Serena ne dit rien de plus, elle n’avait pas envie d'en dire plus. Elle ferait comme d’habitude, elle se tairait et écouterait son ainée. Elle pouvait encore le supporter en sachant que demain tout serait fini.
- En fait Serena, tu as réfléchi à comment ne pas te perdre dans le désert qui nous sépare d’Autéquia ?
- Avec mon navi-map je devrais pouvoir...
La championne s’esclaffa.
- Tu ne t’en sortiras jamais avec ça ! Surtout que le concours est pour bientôt si je ne m’abuse.

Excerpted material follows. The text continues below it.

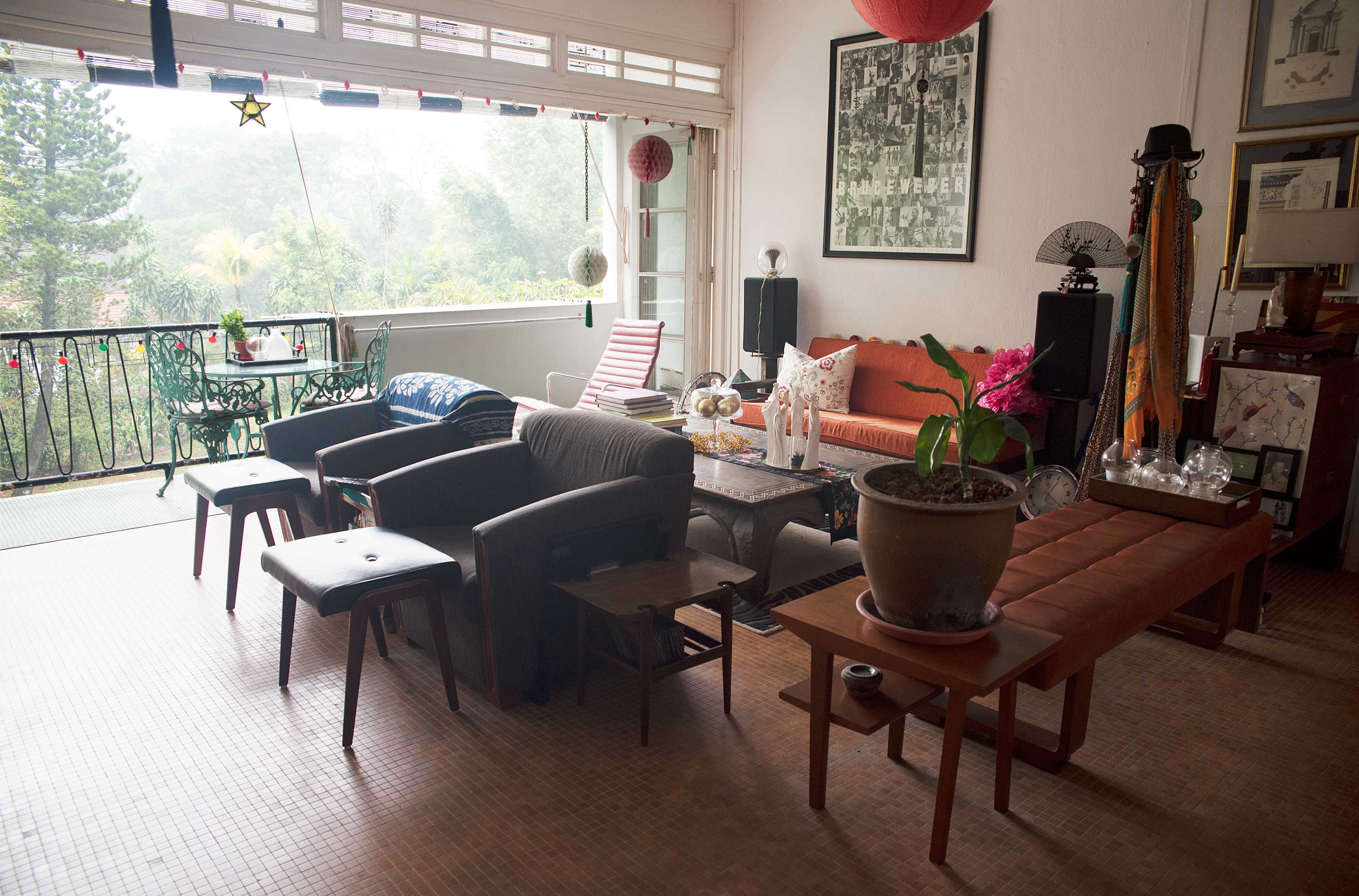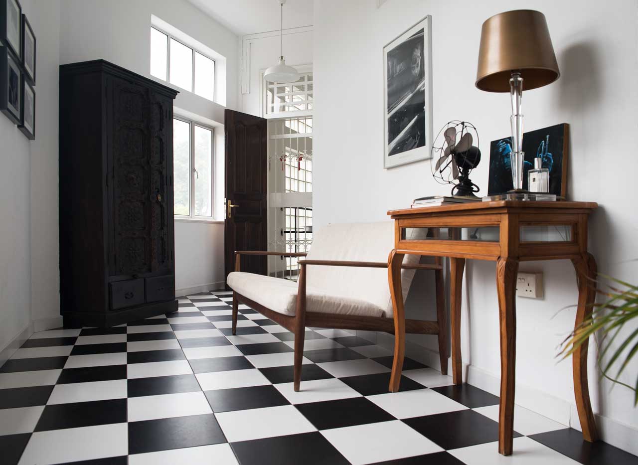 One day I had a photo shoot at the home of Claudette. She lives in a sought after black and white apartment building from the thirties. The name comes from their white walls and dark wood trim. She took over her apartment from an architect that probably wanted to accentuate this, as he tiled pretty much all the floors in the apartment in chessboard black and white. The black and white houses and bungalows have a distinctive part in Singapore’s architectural heritage. They were built from the end of the 19th century until World War 2 as family homes for wealthy British expatriates and have elements of UK’s Arts and Crafts and Art Deco movements.

Serena le sentait venir. Les moqueries d’Adriane sur le fait qu’elle ne pourrait même pas participer à la compétition, qu’elle arriverait trop tard, qu’elle pouvait tout abandonner maintenant.
- Je t’accompagne.
La bouche de Serena s’ouvrit de stupeur, lui donnant une expression de ramoloss venant de se rendre compte qu’un kokiyas lui mordait la queue.
- Pourquoi !? s’écria-t-elle.
- On a un accord je te rappelle, répondit-elle naturellement.
Le bec de Maganon se tordit pour étouffer un rire en voyant la mine déconfite de la jeune dresseuse. Ce que sa maîtresse pouvait être joueuse ! En tous cas, après tout ce qu’il venait d’entendre, hors de question qu’il n’assiste pas à la suite.